Düzenlenen panelde sektördeki birçok isim katılırken aynı zamanda akademisyenlerde yer alarak, her akşam Türk halkının evine konuk olan bu dizilerin, aileler özelinde topluma yansıması ve dini, kültürel değerlerin ne şekilde temsil edildiğine dair panel düzenlendi. İşte detaylar…
‘‘Türk dizilerinin bir çıkmazı var!’’
Gazeteci ve yazar Nihal Bengisu Karaca, "Kızıl Goncalar" dizisinin dindarlara karşı bir yapım olarak lanse edildiğini fakat dizinin tarikatların bir mesele olduğunu anlattığını belirterek, "Aynı zamanda 'bu dizi seküler hayatı, laik yaşam tarzını da çok aşındırıyor' denildi. Buna da cevabım hayır. Aslında dizi 28 Şubat'ta Suavi Alkanlı gibi tavan arasında kalmış Kemalizm'i temsil eden bir bakış açısını da ortaya koyuyor" ifadelerine yer vererek, dizinin dindar yaşama karşı bir duruşta olmadığı görüşünü paylaşan Karaca, Kur'an kursunda Feyza karakterinin attığı dayak sahnesinin gereksiz ve yanlış olduğunu, bunun dışında da dizide kendisini rahatsız eden bir şey görmediğini belirtti. Karaca, dizinin devamına dair ise bir yorumda bulunmak istemediğini sözlerine ekleyerek, "Kefil olmak da istemiyorum. Çünkü senaryo yazımı ve Türk televizyonlarındaki dizilerin kendi iç çıkmazları var. O çıkmazlardan çıkmak için meseleyi gevşetebilir, cıvıklaştırabilirler. O zaman biz de sesimizi yükseltiriz. Ama bence gerçekçilik dokunuşu açısından özel bir dizi. Mesela Birgül karakterinin idealizasyonu üzerinden bize başka bir şey söylenmeye çalışıldığını da düşündürüyor. Çok gerçekçi çizilmiş" diye konuştu.
‘‘Bilinç dışında ayrı problemleri olduğunu düşünüyorum’’
Panelde görüşlerini paylaşan Doç.

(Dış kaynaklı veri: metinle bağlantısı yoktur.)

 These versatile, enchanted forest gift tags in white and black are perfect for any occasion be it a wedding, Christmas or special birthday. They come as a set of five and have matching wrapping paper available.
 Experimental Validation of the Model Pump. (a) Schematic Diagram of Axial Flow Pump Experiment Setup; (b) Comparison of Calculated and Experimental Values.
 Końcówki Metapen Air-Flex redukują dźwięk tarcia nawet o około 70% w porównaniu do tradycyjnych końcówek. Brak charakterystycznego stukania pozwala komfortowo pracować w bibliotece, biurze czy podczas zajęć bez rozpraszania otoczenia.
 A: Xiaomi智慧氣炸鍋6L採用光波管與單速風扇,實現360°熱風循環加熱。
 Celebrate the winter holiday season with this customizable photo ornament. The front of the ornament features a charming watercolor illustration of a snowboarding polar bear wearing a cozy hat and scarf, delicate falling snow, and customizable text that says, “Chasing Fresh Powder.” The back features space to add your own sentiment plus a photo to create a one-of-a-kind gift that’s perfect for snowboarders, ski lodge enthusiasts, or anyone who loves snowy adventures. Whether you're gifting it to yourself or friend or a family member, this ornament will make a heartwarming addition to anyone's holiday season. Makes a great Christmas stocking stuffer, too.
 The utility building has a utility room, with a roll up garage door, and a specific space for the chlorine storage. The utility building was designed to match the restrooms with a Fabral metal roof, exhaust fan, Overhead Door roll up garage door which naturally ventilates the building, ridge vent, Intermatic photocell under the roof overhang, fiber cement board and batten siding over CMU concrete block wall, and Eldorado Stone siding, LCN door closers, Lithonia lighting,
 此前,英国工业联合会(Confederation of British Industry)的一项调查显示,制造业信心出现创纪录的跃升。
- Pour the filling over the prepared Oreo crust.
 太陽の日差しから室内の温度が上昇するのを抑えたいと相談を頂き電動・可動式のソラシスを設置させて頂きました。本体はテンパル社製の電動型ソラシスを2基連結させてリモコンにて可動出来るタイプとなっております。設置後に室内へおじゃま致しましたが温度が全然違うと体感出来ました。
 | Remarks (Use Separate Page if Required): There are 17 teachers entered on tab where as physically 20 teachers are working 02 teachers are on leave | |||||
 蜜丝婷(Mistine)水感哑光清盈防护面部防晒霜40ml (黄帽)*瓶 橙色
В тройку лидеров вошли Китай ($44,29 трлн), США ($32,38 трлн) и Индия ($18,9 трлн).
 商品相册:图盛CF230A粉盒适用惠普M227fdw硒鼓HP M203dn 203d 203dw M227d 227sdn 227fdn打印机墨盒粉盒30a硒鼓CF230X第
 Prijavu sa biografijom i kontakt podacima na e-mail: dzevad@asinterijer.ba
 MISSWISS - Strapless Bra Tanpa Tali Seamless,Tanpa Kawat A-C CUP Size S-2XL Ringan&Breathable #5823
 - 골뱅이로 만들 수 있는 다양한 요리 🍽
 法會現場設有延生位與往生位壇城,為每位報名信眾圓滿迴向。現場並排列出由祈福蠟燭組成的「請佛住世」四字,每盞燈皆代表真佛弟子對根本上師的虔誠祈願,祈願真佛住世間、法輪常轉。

Dr. Zeynep Kevser Şerefoğlu Danış da "Kızıl Goncalar"ı bir anne yoksunluğu dizisi olarak gördüğünü belirterek, "Son 3, 4 yıldır psikolojinin ve psikiyatrinin sahneye hediye ettiği dizilerden farklıymış gibi görünüyor. Çünkü tefrişat, diyalogları çok iyi ama alt yapı annelik mitine dayanıyor ve bunun toplumsal inisiyatif açısından Kızılcık Şerbeti'ndeki dikotomik mekan gibi bilinç dışında ayrı problemleri olduğunu düşünüyorum’’ dedi.
‘‘İslam dünyası kendi hikayelerini yazmaları gerekiyor!’’
İslam dünyasının harekete geçmesi gerektiğine işaret eden Yazar Hüseyin Etil ise İslami edebiyat alanının güçlenmesiyle dizilerdeki temsillerin farklı bir noktaya taşınabileceğini söyleyerek, "Dindarların kendi hikayelerini daha fazla anlatmaları lazım. Seküler bakıştan kurtulmak istiyorlarsa, kendi hikayelerini anlatacaklar. Bence bunun başka bir yolu yok. Toplumlarda sosyo ekonomik yapıdaki bir takım çözülmeler, sosyo kültürel zeminde başka temsillere sebep oluyor. Yani estetiğin teorisi de bir ölçüde bu. Ayrıca sinemanın anlatısının dizilerden çok daha modern ve farklı olduğunun altını çizmem gerekir’’ şeklinde görüşünü dile getirdi.
Türkiye dizi ihracatında 1 numara!
Türk dizilerinin dünyada önemli yer edindiğine değinen Etil, ülke olarak çok fazla dizi ihraç edildiğini ve bu yapımların çoğunun muhafazakar diziler olduğuna dikkati çekerek, sözlerini şöyle sürdürdü: "Bir taraftan da böyle ilginç bir trend var. Bu aile dizileri dışında çok epik bir anlatı var. Bana göre ironinin bittiği, epiğin başladığı an 'Leyla ile Mecnun' TRT'de bitip, 'Diriliş Ertuğrul'un başladığı andır. İroni dönemi kapandı, artık başka gerçek bir hikaye başladı. Diriliş Ertuğrul ile başlayan ve sonra dini figürlerle devam eden dönem. Bugün TRT Tabii'nin kültür politikasına bakın. Orada başka bir hikaye kurgulanmaya çalışılıyor. Ama bir taraftan da bunlar küresel piyasada karşılık buluyor. Yani küresel ve Türkiye'deki trendler açısından bence ters bir akıntı var. İçeriden de alternatif bir modernleşme anlatısı giderek gelişiyor. Dindar kadınlar, modernleşen kadınlar üzerinden gelişiyor."